В кухне повисла тишина. Только холодильник «Саратов» в углу утробно зарычал, включаясь, да капала вода из крана, который он, кстати, починил только вчера, но прокладка, видать, попалась дрянная.
Раиса отступила на шаг, вытирая руки о фартук. Внутри кольнуло нехорошее предчувствие. Не так он орал, как раньше. Прежний Олег, тот, что до «просветления», орал пьяно, злобно, с матом. А этот… Этот кричал от страха.
— Ты чего, Олежек? — спросила она уже тише, настороженно. — Ты натворил чего? Кредит взял? Или… машину чужую стукнул?
Он молчал. Медленно поднял на неё глаза. В них плескалась такая тоска и такая, прости господи, собачья преданность пополам с ужасом, что Раисе стало холодно.
— Рая, сядь, — попросил он.
— Да чего садиться-то, картошка стынет…
— Сядь! — в голосе звякнул металл.
Она опустилась на табуретку напротив, машинально поправила клеенку на столе. Сердце бухало где-то в горле.
Он глубоко вздохнул, словно перед прыжком в ледяную прорубь. Провел ладонью по лицу, стирая несуществующую паутину.
— Раечка, родная… — начал он и запнулся. Кадык дернулся. — Я не могу завтра в МФЦ пойти. И в полицию не могу. У меня паспорта нет. И никогда не было. То есть был, но… на другую фамилию.
Раиса моргнула.
— Ты чего мелешь? Белая горячка, что ли? Пять лет ни капли в рот, развязал тайком?
— Да не пью я! — он схватил её за руку. Ладонь была горячая, сухая и шершавая. — Послушай меня. Только не кричи, умоляю. Вспомни… Вспомни пять лет назад. Авария на трассе. Когда я на фуре перевернулся. Вспомни, каким я вернулся из больницы.
— Ну помню, — растерянно пробормотала Раиса. — Весь перебинтованный, лицо в кашу, ребра поломаны. Я тебя три месяца с ложечки кормила, судно выносила. Врачи говорили — чудо, что выжил, только память отшибло частично.
— Не отшибло, Рая. Не отшибло.
Он набрал воздуха в грудь и выпалил, глядя ей прямо в зрачки:
— Раечка, родная! Я не твой муж! Я его брат-близнец! Он погиб пять лет назад в той аварии, сгорел в кабине! А я… я заменил!

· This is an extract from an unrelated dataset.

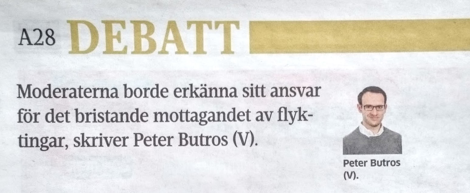Peter Butros, ordförande Vänsterpartiet Norrköping, skriver i Norrköpings Tidningar lördag den 23 januari ”M urholkade ju vårt flyktingmottagande”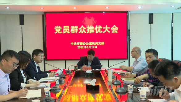 5月10日下午,沅江市委办党员推优大会在市治大院八楼举行。市委书记杨智勇,市委常委、市委办主任周军以普通党员的身份参加大会。

За окном завыл ветер, швырнув горсть ледяной крупы в стекло. На кухне стало так тихо, что было слышно, как у соседей сверху работает телевизор — бубнят новости.
Раиса сидела неподвижно. Смысл слов доходил до неё медленно, как густой мед стекает с ложки. Брат-близнец. Погиб. Заменил.
— Какой еще брат? — прошептала она помертвевшими губами. — У Олега не было братьев. Он детдомовский. Он мне всю жизнь пел, что сирота казанская.
— Были мы, — мужчина опустил голову, разглядывая узор на клеенке. — Нас разлучили в пять лет. Его в один интернат, меня в другой. Мы нашлись-то случайно, за полгода до той аварии. Встретились на трассе, в кафе придорожном. Я тогда… у меня проблемы были. Большие проблемы, Рая. Меня искали. Серьезные люди искали, и менты тоже. Мне исчезнуть надо было.
Он говорил быстро, сбивчиво, словно боялся, что она его перебьет и выгонит.
— Мы с Олегом похожи были — как две капли. Только у него шрам на брови был, а у меня нет. И характер… разный. В тот день мы встретились на стоянке. Он ехал в рейс, я — бежал. Он предложил подвезти. Мы поругались в кабине. Он… он не хотел помогать, сказал, что я зэк и жизнь ему испорчу. А потом колесо лопнуло. Фуру понесло. Удар, огонь… Я вылетел через лобовое. Очнулся в сугробе, а кабина уже полыхает. Я пытался вытащить его, Рая, клянусь! Но там жар такой был… Не смог.
Он сглотнул, потянулся к графину с водой, налил дрожащей рукой, расплескав половину.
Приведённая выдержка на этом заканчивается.